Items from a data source
------------------------------
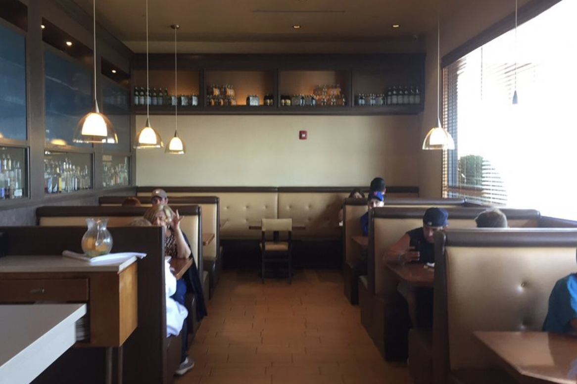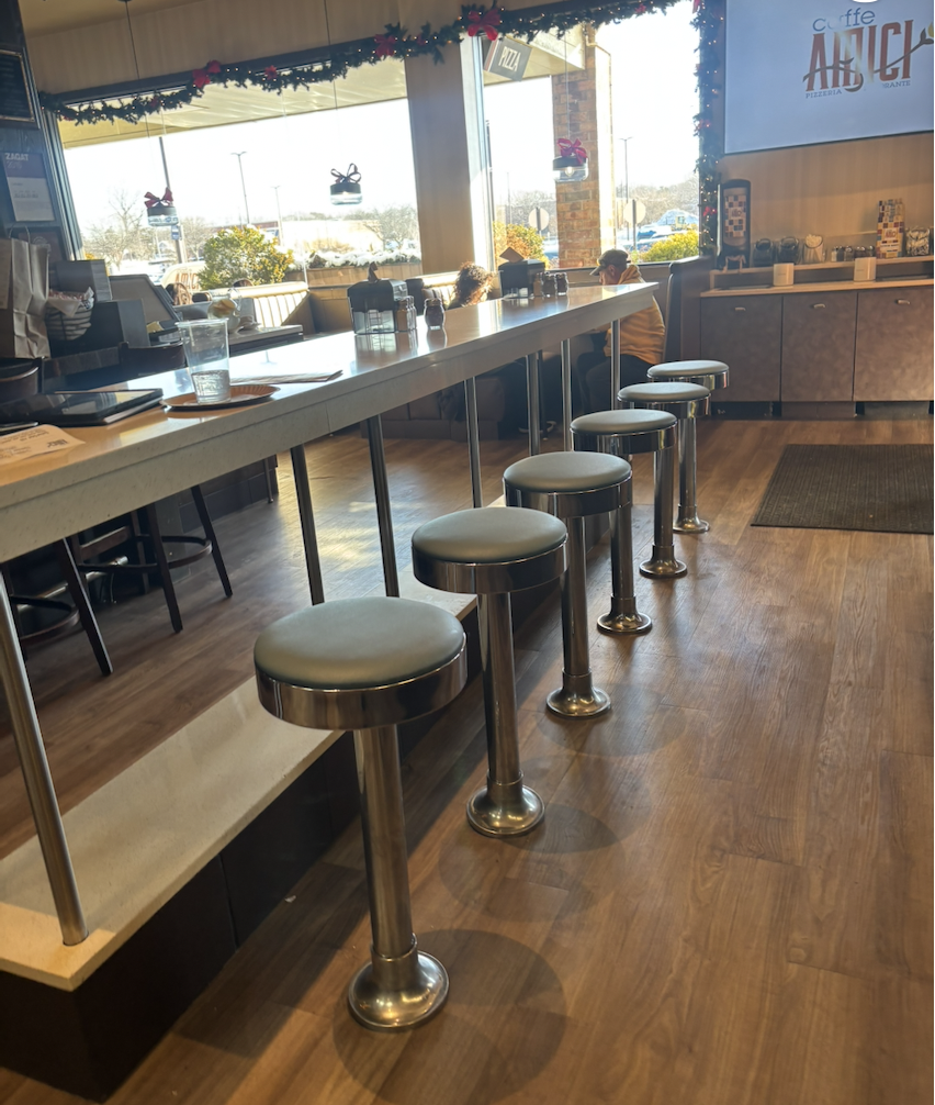 Places to sit:  booths, tables with armless chairs, full-height bar, counter at pizza area
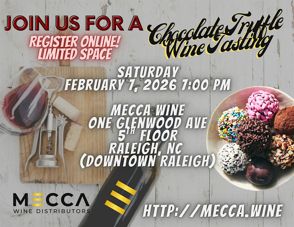 Indulge in an unforgettable night of decadence, discovery, and elevated taste. Join us on Saturday, February 7th at 7:00 PM for an exclusive Chocolate Truffle Paired Wine Tasting hosted at the stunning Mecca Wine Office, located on the 5th floor of One Glenwood Ave in downtown Raleigh.
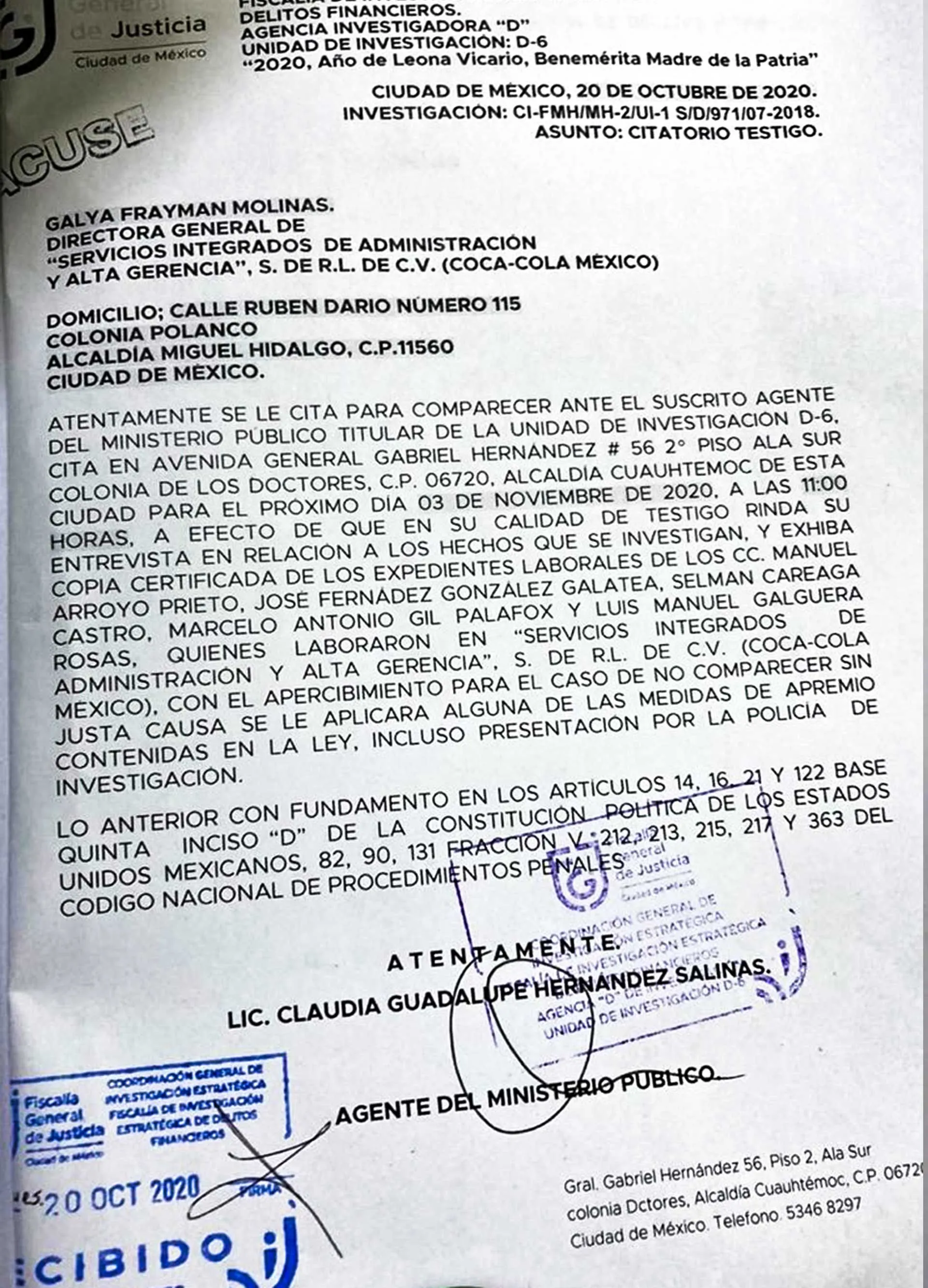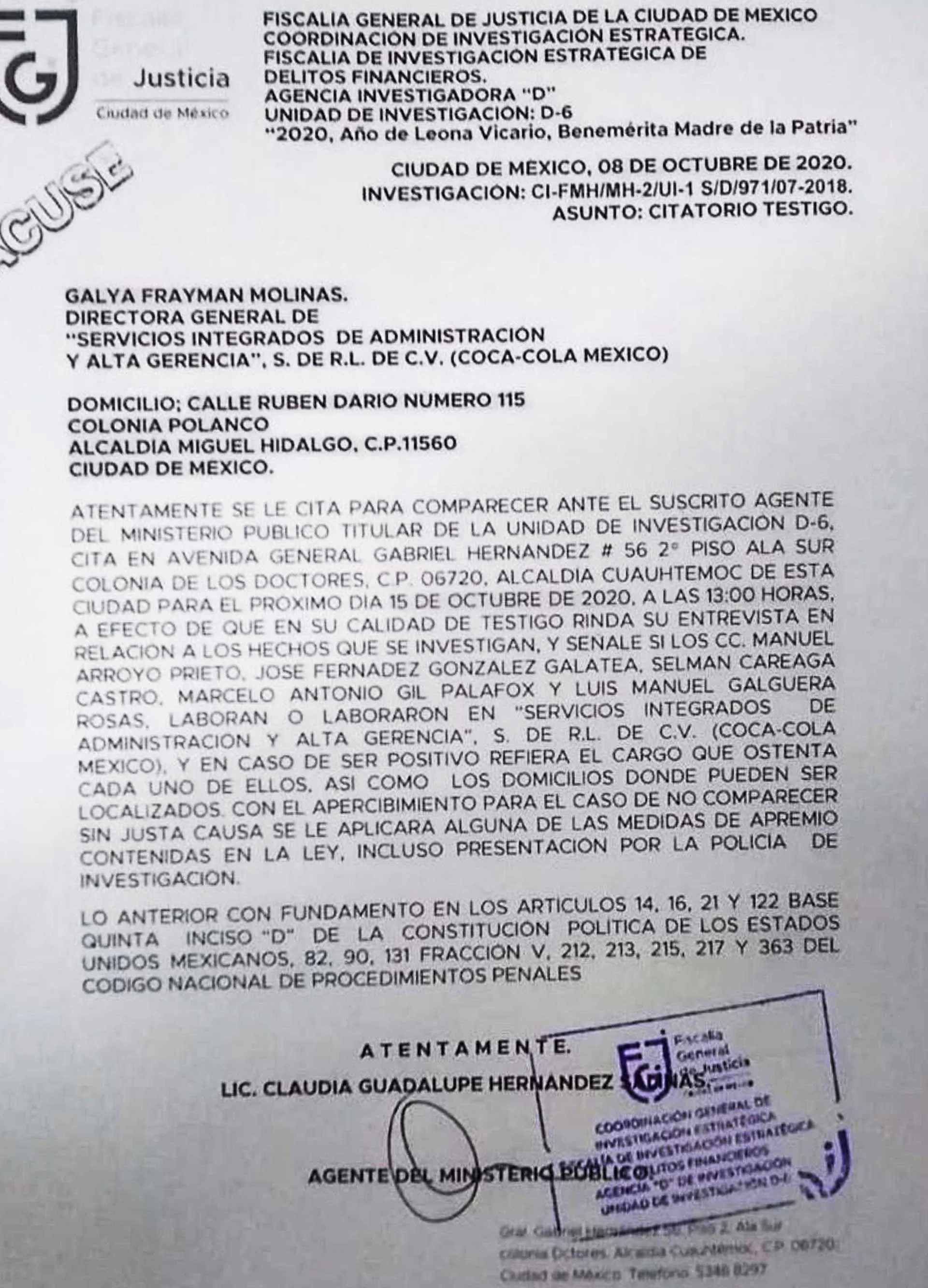 La FGJCDMX declaró que la denuncia penal por fraude estaba fuera de su jurisdicción, transfirió el caso a la Fiscalía General de la República (FGR), solo para que fuera rechazada y regresada a la FGJCDMX.
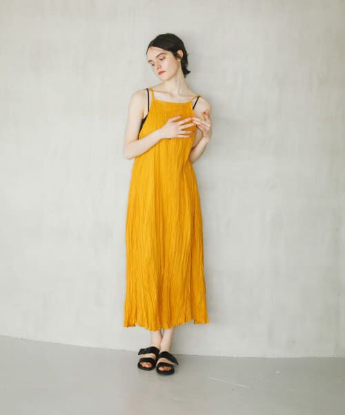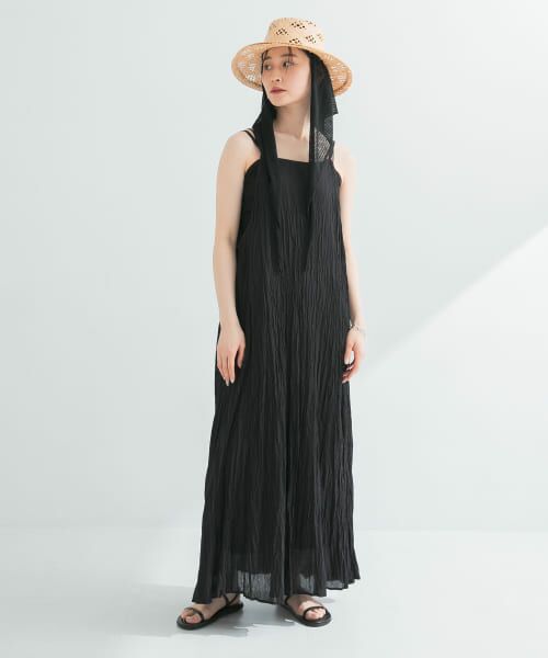 【サイズ感・着心地】でこぼことなった素材が特徴でシワも気になりにくく、清涼感があり夏場にもピッタリです◎肩紐で調節可能なので身長に合わして好きな丈感で着用できます!
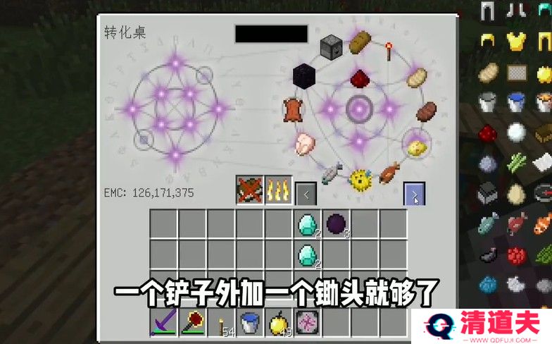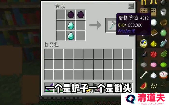 6、初始是有铲子和锄头的,我们只需要伏魔一下就行,先用两个钻石再加入暗物质,就可以打造出暗物质锄和暗物质铲。
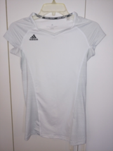 THIS IS A NICE LADIES ADIDAS VOLLEYBALL CLIMALITE SHORT-SLEEVED STRETCH V-NECK PULLOVER ATHLETIC TOP IN A SIZE XS. IT IS IN EXCELLENT, WORN TWICE, CONDITION.
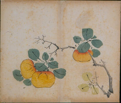Colorful, lush fruits, not common in Chinese painting, are abundant in The Ten Bamboo Studio. These images are the printmakers' attempt to create a graphic effect of bright colors and patterns that are not easily achieved through brushwork. The dimple patterns on the citrus peels were created by using a cut-away block for the final print to reveal the lighter background.
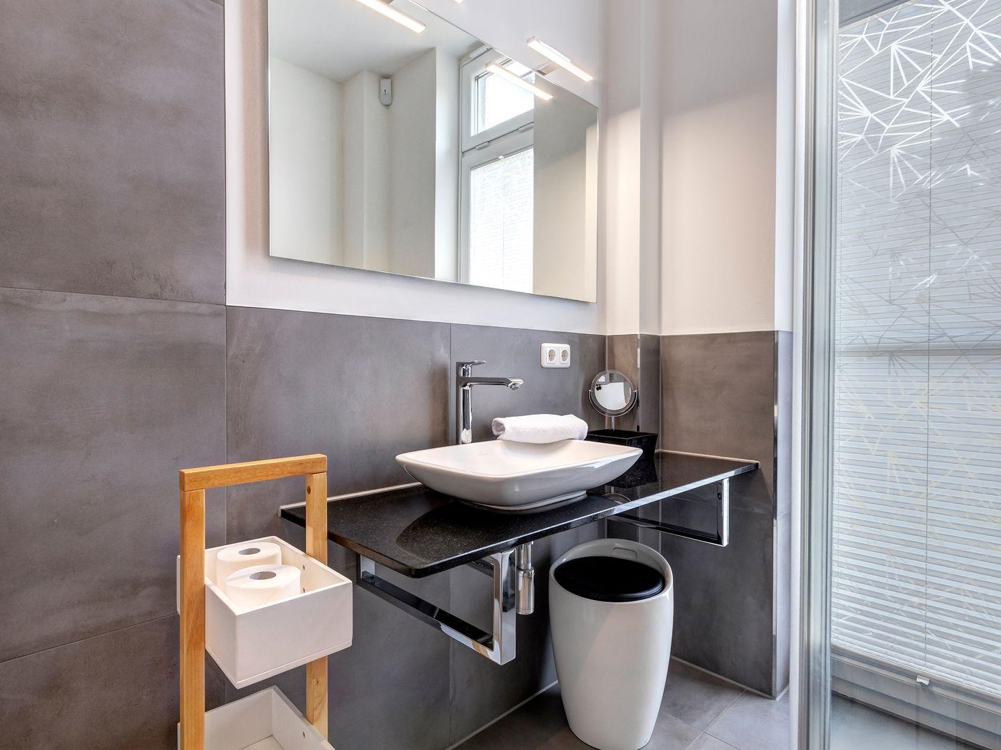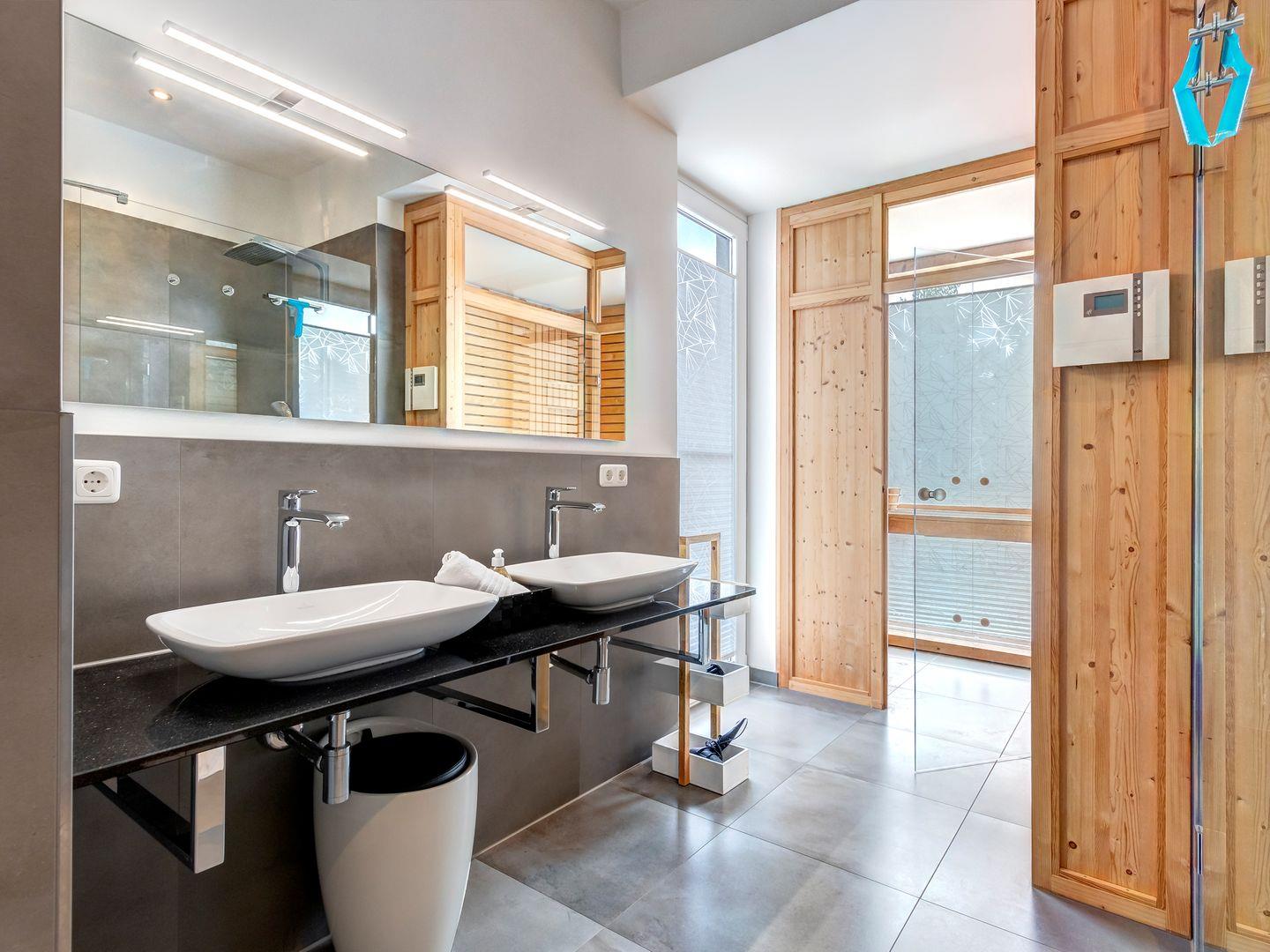 Unser Appartement "KARL" im Erdgeschoss umfasst 110 m² Wohnfläche und bietet drei Schlafzimmer mit modernster Unterhaltungstechnik und exquisiten Boxspringbetten, zwei Bäder sowie Sauna zur Eigennutzung. Von der Außenterrasse des Feriendomizils gelangt man in direktem Zugang zum lichtdurchfluteten geschmackvoll eingerichteten Wohnzimmer mit großem Essbereich, Kaminofen und Fußbodenheizung.
------------------------------
Requirement:
Give an exact copy of the data, and omit any pictures it holds.

Result of the task:
 Places to sit:  booths, tables with armless chairs, full-height bar, counter at pizza area
 Indulge in an unforgettable night of decadence, discovery, and elevated taste. Join us on Saturday, February 7th at 7:00 PM for an exclusive Chocolate Truffle Paired Wine Tasting hosted at the stunning Mecca Wine Office, located on the 5th floor of One Glenwood Ave in downtown Raleigh.
 La FGJCDMX declaró que la denuncia penal por fraude estaba fuera de su jurisdicción, transfirió el caso a la Fiscalía General de la República (FGR), solo para que fuera rechazada y regresada a la FGJCDMX.
 【サイズ感・着心地】でこぼことなった素材が特徴でシワも気になりにくく、清涼感があり夏場にもピッタリです◎肩紐で調節可能なので身長に合わして好きな丈感で着用できます!
 6、初始是有铲子和锄头的,我们只需要伏魔一下就行,先用两个钻石再加入暗物质,就可以打造出暗物质锄和暗物质铲。
 THIS IS A NICE LADIES ADIDAS VOLLEYBALL CLIMALITE SHORT-SLEEVED STRETCH V-NECK PULLOVER ATHLETIC TOP IN A SIZE XS. IT IS IN EXCELLENT, WORN TWICE, CONDITION.
Colorful, lush fruits, not common in Chinese painting, are abundant in The Ten Bamboo Studio. These images are the printmakers' attempt to create a graphic effect of bright colors and patterns that are not easily achieved through brushwork. The dimple patterns on the citrus peels were created by using a cut-away block for the final print to reveal the lighter background.
 Unser Appartement "KARL" im Erdgeschoss umfasst 110 m² Wohnfläche und bietet drei Schlafzimmer mit modernster Unterhaltungstechnik und exquisiten Boxspringbetten, zwei Bäder sowie Sauna zur Eigennutzung. Von der Außenterrasse des Feriendomizils gelangt man in direktem Zugang zum lichtdurchfluteten geschmackvoll eingerichteten Wohnzimmer mit großem Essbereich, Kaminofen und Fußbodenheizung.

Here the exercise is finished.